Rocky Ford Spokesperson Believes Blue Bell Can Reboot After Listeria Outbreak
DENVER (CBS4) - Blue Bell Creameries on Monday began cleaning up and moving forward after a listeria outbreak killed three consumers and sickened others.
The 108-year-old ice cream company isn't giving up. Blue Bell is doing what others have done in the past -- apologizing and fixing the problem.
"We're actually one big family," a Blue Bell employee says on a video on the Blue Bell website.
Blue Bell began intensive cleaning and enhanced training to combat the listeria outbreak that shut down operations.
"It hurts, but we know that support is there," another Blue Bell employee says.
On its website the company let long-time employees assure the public.
"We implement all the measures we need to do to correct it going forward and prevent it in the future," another employee says.
"That's Damage Control 101," marketing professor Darrin Duber-Smith with Metropolitan State University of Denver said. "You admit there's a problem, you don't deflect it, you don't make excuses for it, and you say that 'we're going to fix it in the future.' "
Rocky Ford cantaloupe growers were proactive, even though they weren't the problem. In 2011 listeria-contaminated cantaloupes from Jensen Farms killed 33 consumers. The tainted melons were called Rocky Ford Sweets.
"It just devastated the whole area," Rocky Ford spokeswoman Diane Mulligan said.
But Mulligan says the Rocky Ford growers rebuilt the brand.
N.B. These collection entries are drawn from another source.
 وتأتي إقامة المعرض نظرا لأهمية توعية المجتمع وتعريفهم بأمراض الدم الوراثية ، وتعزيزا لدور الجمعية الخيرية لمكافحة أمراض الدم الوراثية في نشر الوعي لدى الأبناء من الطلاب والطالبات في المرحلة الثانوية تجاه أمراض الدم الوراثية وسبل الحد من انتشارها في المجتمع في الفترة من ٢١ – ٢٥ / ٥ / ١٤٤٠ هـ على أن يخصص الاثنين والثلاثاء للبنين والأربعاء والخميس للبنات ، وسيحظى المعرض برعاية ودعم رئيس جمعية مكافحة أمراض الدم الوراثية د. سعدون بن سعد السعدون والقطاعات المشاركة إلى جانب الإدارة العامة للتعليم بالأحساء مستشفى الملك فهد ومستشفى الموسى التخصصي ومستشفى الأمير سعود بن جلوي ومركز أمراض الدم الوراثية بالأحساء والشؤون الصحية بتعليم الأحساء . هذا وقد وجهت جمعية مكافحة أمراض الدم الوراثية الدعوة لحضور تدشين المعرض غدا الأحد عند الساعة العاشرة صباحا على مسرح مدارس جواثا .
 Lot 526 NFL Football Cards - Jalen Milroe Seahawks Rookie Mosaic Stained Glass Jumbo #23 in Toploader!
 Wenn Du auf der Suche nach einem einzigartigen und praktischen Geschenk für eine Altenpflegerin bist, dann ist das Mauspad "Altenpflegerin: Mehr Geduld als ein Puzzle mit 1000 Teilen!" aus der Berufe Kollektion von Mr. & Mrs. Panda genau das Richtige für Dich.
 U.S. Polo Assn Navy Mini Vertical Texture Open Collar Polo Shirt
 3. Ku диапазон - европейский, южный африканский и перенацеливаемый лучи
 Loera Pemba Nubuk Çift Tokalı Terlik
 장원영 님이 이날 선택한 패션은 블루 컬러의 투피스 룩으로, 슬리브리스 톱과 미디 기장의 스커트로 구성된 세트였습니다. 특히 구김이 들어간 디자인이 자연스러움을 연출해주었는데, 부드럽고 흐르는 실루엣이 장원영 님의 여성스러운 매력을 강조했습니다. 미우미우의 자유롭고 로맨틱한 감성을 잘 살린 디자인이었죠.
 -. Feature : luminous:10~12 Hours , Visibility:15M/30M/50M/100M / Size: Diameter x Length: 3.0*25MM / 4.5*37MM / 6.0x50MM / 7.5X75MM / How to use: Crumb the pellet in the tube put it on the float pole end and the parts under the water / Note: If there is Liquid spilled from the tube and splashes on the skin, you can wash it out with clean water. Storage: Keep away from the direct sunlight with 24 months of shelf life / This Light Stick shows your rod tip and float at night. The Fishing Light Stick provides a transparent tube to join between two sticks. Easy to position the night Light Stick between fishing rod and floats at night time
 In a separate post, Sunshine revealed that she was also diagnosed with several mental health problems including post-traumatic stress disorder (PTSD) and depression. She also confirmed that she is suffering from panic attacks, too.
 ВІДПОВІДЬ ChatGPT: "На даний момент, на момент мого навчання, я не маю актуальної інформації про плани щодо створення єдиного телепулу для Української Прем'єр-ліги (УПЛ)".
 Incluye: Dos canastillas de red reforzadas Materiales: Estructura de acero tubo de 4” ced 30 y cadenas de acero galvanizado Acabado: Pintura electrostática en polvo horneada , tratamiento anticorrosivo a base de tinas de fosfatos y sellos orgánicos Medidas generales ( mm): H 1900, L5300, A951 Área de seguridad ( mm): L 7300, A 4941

"They invested a million dollars in building a new shed, hiring safety managers," she said.
Mulligan says sales have since steadily increased.
By sharing worker pride and making changes, Mulligan believes Blue Bell can reboot -- and she's not alone.
"We'll be a better company after this," another Blue Bell employee says on the website.
Blue Bell will be producing test ice cream batches this week, but that ice cream will not be shipped for retail use.